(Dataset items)
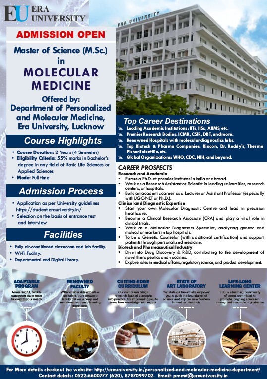 Offered by: Department of Personalized and Molecular Medicine, Era University, Lucknow.
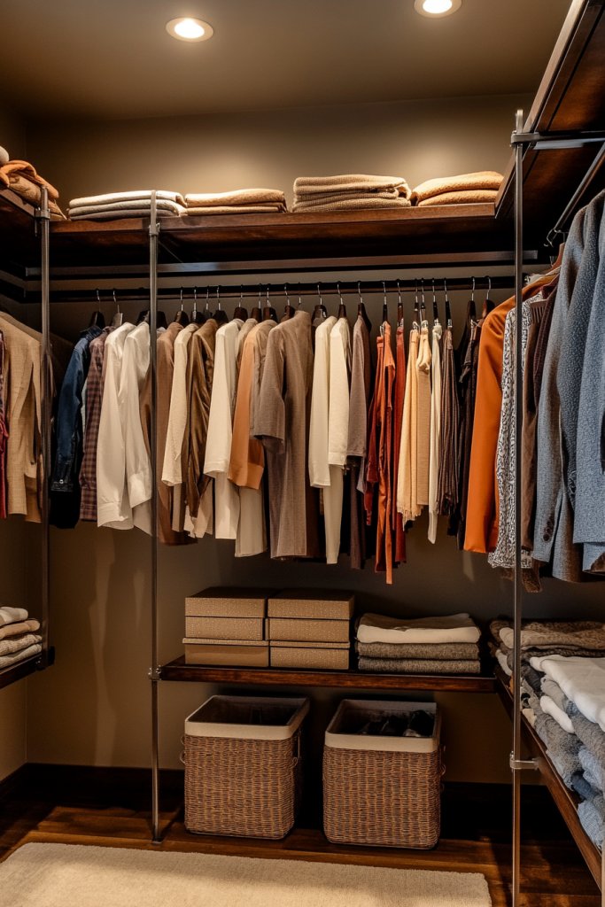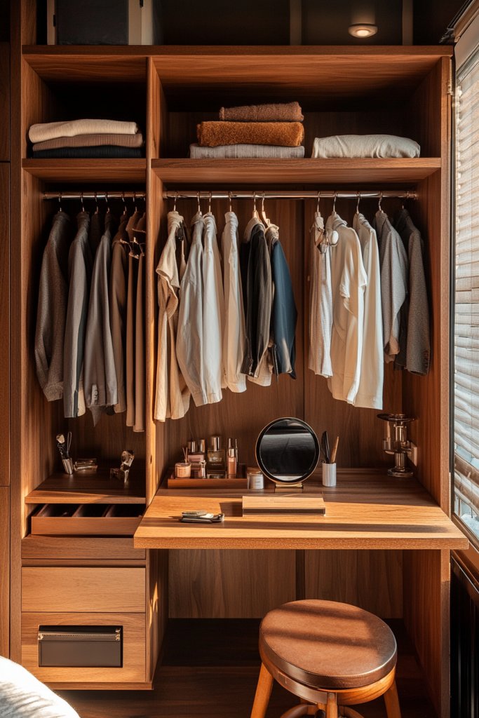 Ever wish your closet could double as a workspace or beauty station? A multi-functional clothing rack with an integrated desk or vanity area combines style and practicality perfectly. It’s ideal for small bedrooms or studio apartments where space is precious. Plus, it turns your daily routine into a more organized, enjoyable experience.
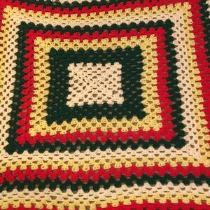 Handmade Cottagecore Grannycore Style Granny Square Style Crochet Throw Blanket. Has a Red, Green, White and Yellow Pattern.
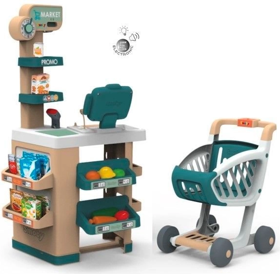 Biztosítson gyermekének órákon át tartó szórakozást ezzel a valósághű gyerek szupermarkettel. Ez a készlet elektronikus pénztárgéppel van felszerelve, amely hang- és fényhatásokat kínál, ezáltal növelve a vásárlói élményt. Az integrált számítási funkcióval a gyerekek eljátszhatják a pénztáros szerepét.
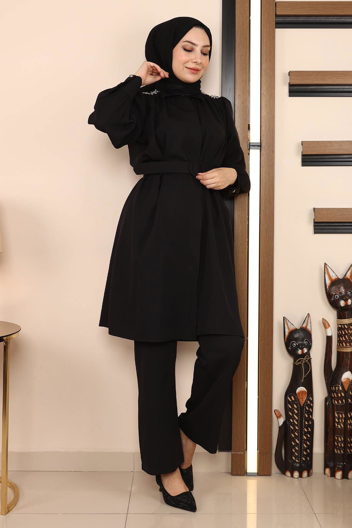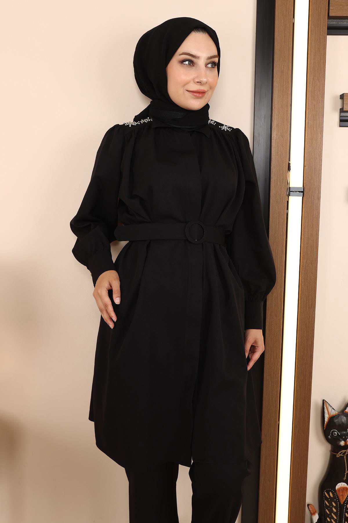 İnci Detaylı Kombin Siyah
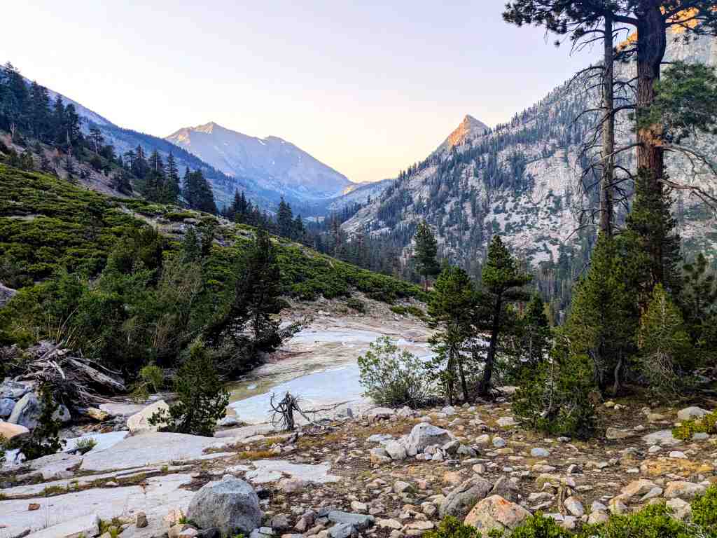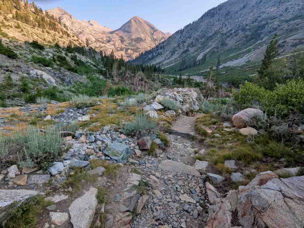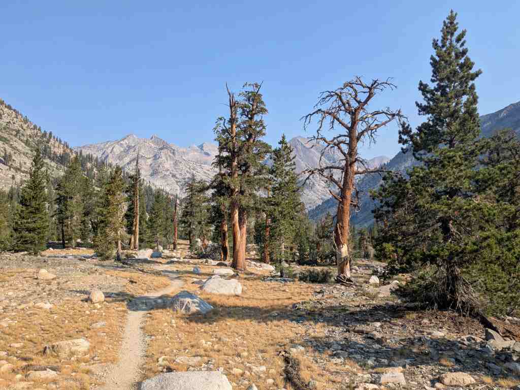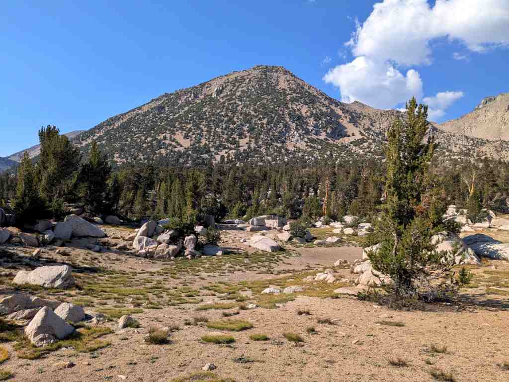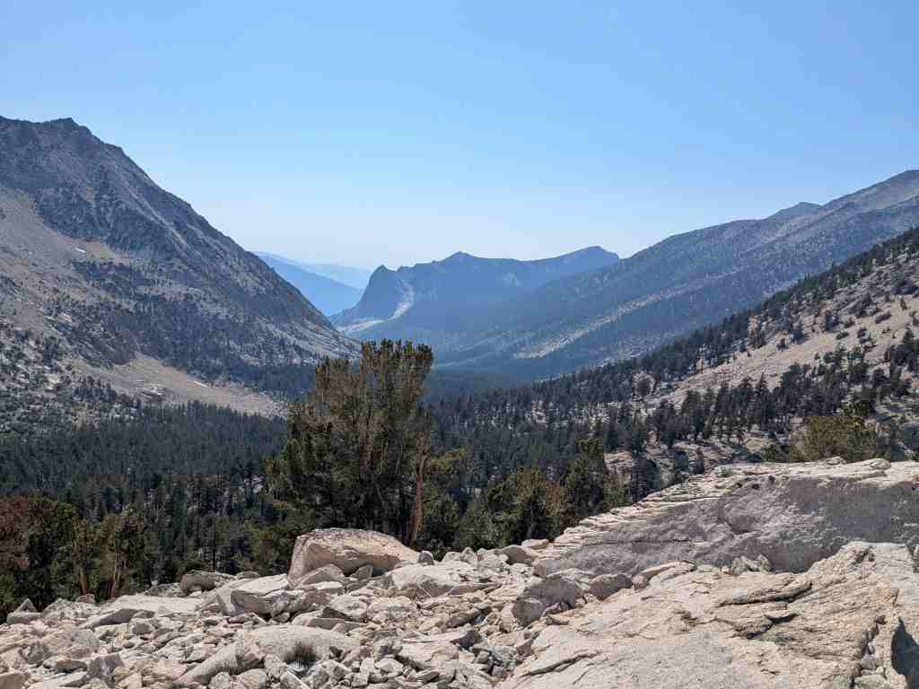 Klesání je tentokrát příjemné. Voda už tu není, jen občas lehký stín. Míjíme odbočku na Kearsarge Pass – nebudeme se zdržovat a zkusíme dojít k jídlu, které máme v bear canistru. Změna přišla ve správný okamžik. Teď už vím, že to zvládnu. Každé údolí je tu jiné: tohle je ploché, jako by ho vytvořily nánosy z řeky, ale ta se teď vytratila. Na jaře to tu musí vypadat docela jinak.
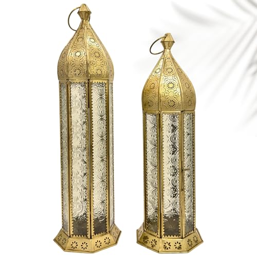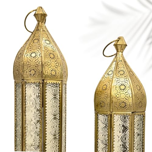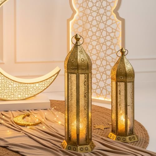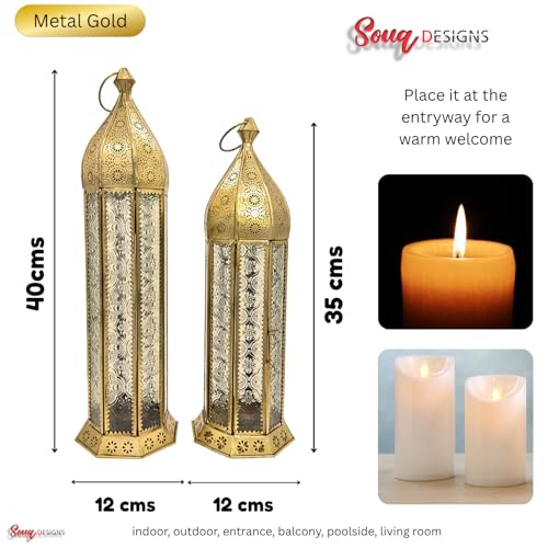 - Set of 2 Moroccan Inspired Lanterns – Beautifully designed in gold metal with frosted embossed glass, this hexa lantern set includes 2 sizes (40 cm & 35 cm). Perfect as Moroccan Ramadan lanterns, Eid decorations, and Arabic style candle holders.

■ How to complete this task ■
What's needed is an exact copy of the records above from the line containing "İnci Detaylı Kombin Siyah" down to the line containing "Klesání je tentokrát", both included, without any pictures.

■ Solution to this task ■
 İnci Detaylı Kombin Siyah
 Klesání je tentokrát příjemné. Voda už tu není, jen občas lehký stín. Míjíme odbočku na Kearsarge Pass – nebudeme se zdržovat a zkusíme dojít k jídlu, které máme v bear canistru. Změna přišla ve správný okamžik. Teď už vím, že to zvládnu. Každé údolí je tu jiné: tohle je ploché, jako by ho vytvořily nánosy z řeky, ale ta se teď vytratila. Na jaře to tu musí vypadat docela jinak.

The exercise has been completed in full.